**Task data**
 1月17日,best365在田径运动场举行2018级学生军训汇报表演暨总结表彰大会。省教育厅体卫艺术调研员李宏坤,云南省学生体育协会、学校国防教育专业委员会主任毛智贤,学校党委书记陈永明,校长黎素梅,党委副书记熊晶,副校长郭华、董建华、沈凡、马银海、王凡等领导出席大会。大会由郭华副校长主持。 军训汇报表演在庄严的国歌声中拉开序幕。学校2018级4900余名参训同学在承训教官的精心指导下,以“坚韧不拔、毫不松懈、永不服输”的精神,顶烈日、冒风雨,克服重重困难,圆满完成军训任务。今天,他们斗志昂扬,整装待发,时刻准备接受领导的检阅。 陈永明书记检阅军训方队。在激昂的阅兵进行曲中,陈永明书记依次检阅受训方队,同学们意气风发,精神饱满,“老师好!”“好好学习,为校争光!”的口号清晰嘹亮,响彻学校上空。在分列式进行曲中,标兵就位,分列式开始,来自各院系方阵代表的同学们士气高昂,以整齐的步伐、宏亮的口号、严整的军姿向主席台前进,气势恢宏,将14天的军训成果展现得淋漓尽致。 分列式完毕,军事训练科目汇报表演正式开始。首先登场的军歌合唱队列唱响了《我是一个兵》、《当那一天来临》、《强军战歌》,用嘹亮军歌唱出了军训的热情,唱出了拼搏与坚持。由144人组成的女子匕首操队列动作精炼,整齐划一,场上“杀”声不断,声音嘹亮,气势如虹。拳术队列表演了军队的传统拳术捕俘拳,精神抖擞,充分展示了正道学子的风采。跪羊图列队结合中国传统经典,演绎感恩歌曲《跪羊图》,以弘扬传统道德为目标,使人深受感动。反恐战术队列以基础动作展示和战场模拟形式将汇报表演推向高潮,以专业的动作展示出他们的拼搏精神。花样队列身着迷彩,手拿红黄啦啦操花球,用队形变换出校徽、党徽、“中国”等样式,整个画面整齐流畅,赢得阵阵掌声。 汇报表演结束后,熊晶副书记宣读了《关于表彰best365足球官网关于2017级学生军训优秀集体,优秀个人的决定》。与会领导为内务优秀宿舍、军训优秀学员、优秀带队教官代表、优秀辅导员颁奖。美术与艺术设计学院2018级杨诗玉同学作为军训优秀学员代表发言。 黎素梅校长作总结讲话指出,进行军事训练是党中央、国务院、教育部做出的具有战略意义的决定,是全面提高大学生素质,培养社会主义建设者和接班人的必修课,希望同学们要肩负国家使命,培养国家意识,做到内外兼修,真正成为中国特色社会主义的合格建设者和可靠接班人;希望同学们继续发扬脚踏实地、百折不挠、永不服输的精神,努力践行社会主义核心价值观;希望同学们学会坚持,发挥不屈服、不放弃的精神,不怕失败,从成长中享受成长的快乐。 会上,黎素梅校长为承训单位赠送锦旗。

...

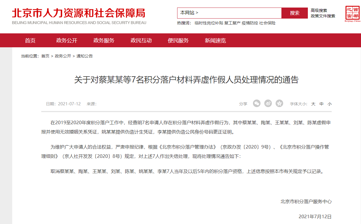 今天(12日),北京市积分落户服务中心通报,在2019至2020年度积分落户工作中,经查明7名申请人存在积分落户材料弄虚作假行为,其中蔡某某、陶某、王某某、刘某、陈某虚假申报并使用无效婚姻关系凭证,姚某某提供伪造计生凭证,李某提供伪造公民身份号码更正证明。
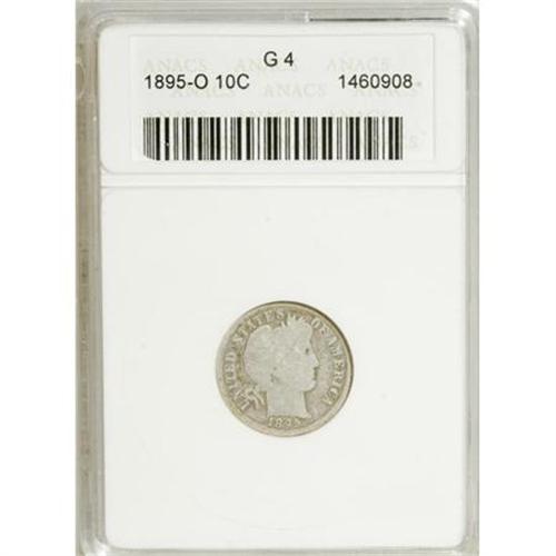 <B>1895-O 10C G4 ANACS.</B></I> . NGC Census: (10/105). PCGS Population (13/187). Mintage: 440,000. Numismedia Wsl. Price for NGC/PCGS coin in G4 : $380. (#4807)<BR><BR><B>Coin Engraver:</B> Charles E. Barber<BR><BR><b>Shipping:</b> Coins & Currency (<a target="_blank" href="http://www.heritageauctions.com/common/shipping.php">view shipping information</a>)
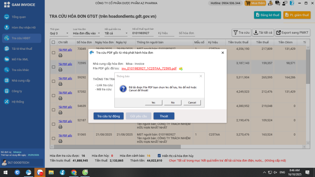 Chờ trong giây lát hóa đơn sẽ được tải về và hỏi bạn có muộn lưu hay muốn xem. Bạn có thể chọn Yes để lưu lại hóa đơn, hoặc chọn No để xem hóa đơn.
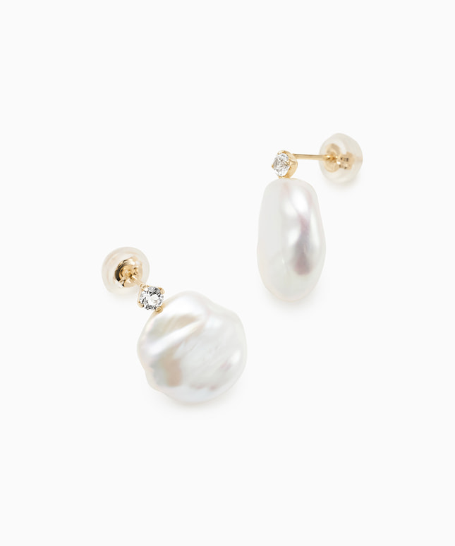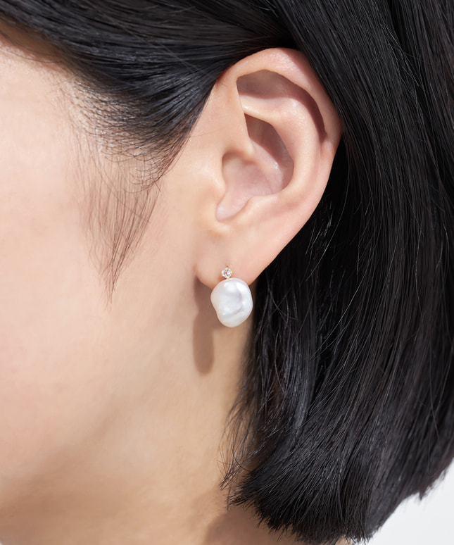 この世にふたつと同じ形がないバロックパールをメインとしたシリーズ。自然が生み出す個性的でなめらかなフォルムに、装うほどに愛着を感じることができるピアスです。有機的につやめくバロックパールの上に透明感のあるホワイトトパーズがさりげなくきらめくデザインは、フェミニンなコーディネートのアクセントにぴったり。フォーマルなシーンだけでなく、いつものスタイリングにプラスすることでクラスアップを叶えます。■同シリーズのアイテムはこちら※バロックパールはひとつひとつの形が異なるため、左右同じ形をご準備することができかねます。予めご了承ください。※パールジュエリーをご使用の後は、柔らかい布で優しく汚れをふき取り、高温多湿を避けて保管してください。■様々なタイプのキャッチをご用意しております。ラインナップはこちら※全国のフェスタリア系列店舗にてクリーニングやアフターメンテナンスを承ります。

**What is needed**
Line for line, output the entries above from the line with "今天(12日),北京市积分落" to the line with "Chờ trong giây", both included, and nothing more. Skip pictures.

**The completed task**
 今天(12日),北京市积分落户服务中心通报,在2019至2020年度积分落户工作中,经查明7名申请人存在积分落户材料弄虚作假行为,其中蔡某某、陶某、王某某、刘某、陈某虚假申报并使用无效婚姻关系凭证,姚某某提供伪造计生凭证,李某提供伪造公民身份号码更正证明。
 <B>1895-O 10C G4 ANACS.</B></I> . NGC Census: (10/105). PCGS Population (13/187). Mintage: 440,000. Numismedia Wsl. Price for NGC/PCGS coin in G4 : $380. (#4807)<BR><BR><B>Coin Engraver:</B> Charles E. Barber<BR><BR><b>Shipping:</b> Coins & Currency (<a target="_blank" href="http://www.heritageauctions.com/common/shipping.php">view shipping information</a>)
 Chờ trong giây lát hóa đơn sẽ được tải về và hỏi bạn có muộn lưu hay muốn xem. Bạn có thể chọn Yes để lưu lại hóa đơn, hoặc chọn No để xem hóa đơn.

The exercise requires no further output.